* REQUIREMENT
Print the records below exactly, from the line containing "WAPAKONETA – The" down to the line containing "Baby, I was born this way |", both lines included, and omit every picture.

* EXERCISE DATA
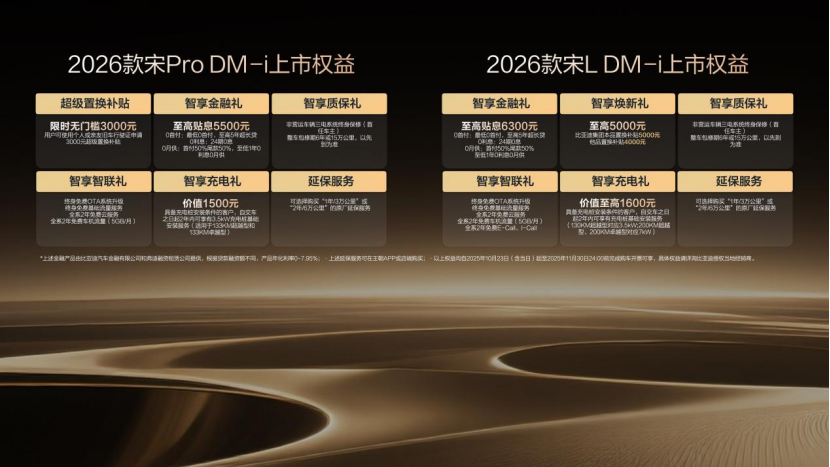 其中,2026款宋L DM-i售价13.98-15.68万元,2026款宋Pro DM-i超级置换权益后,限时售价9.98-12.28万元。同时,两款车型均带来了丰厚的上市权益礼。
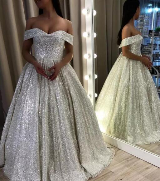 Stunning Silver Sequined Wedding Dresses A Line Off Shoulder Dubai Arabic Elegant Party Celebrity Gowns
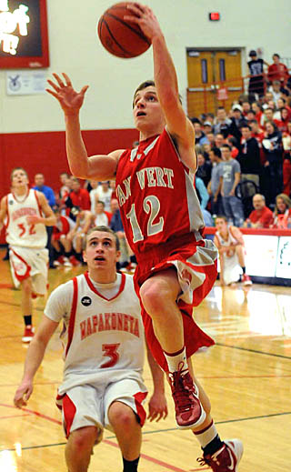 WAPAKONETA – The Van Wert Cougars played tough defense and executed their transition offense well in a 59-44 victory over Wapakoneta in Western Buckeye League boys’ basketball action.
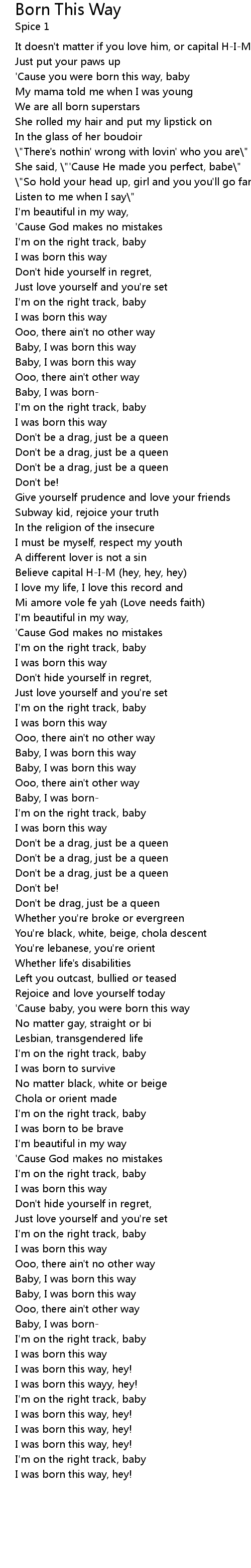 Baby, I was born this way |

...

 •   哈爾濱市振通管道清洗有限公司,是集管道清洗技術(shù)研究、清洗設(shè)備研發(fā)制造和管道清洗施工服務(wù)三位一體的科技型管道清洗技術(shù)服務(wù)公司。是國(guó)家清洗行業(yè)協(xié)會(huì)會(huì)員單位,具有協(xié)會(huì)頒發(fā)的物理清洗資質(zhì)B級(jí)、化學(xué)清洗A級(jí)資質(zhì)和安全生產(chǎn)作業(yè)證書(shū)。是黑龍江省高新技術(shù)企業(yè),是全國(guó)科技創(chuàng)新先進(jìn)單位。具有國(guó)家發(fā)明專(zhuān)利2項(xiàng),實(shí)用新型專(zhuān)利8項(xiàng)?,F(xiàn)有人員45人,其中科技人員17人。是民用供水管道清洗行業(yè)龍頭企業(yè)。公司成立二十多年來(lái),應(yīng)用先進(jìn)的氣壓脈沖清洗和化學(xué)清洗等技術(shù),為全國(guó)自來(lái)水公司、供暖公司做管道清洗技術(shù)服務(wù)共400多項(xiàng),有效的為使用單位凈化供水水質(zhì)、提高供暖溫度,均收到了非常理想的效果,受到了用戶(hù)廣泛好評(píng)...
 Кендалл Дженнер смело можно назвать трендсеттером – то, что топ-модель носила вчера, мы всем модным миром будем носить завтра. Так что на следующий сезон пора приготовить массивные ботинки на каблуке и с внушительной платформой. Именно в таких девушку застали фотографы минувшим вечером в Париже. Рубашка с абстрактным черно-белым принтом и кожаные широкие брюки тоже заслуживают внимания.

* ANSWER TO THE PROBLEM
 WAPAKONETA – The Van Wert Cougars played tough defense and executed their transition offense well in a 59-44 victory over Wapakoneta in Western Buckeye League boys’ basketball action.
 Baby, I was born this way |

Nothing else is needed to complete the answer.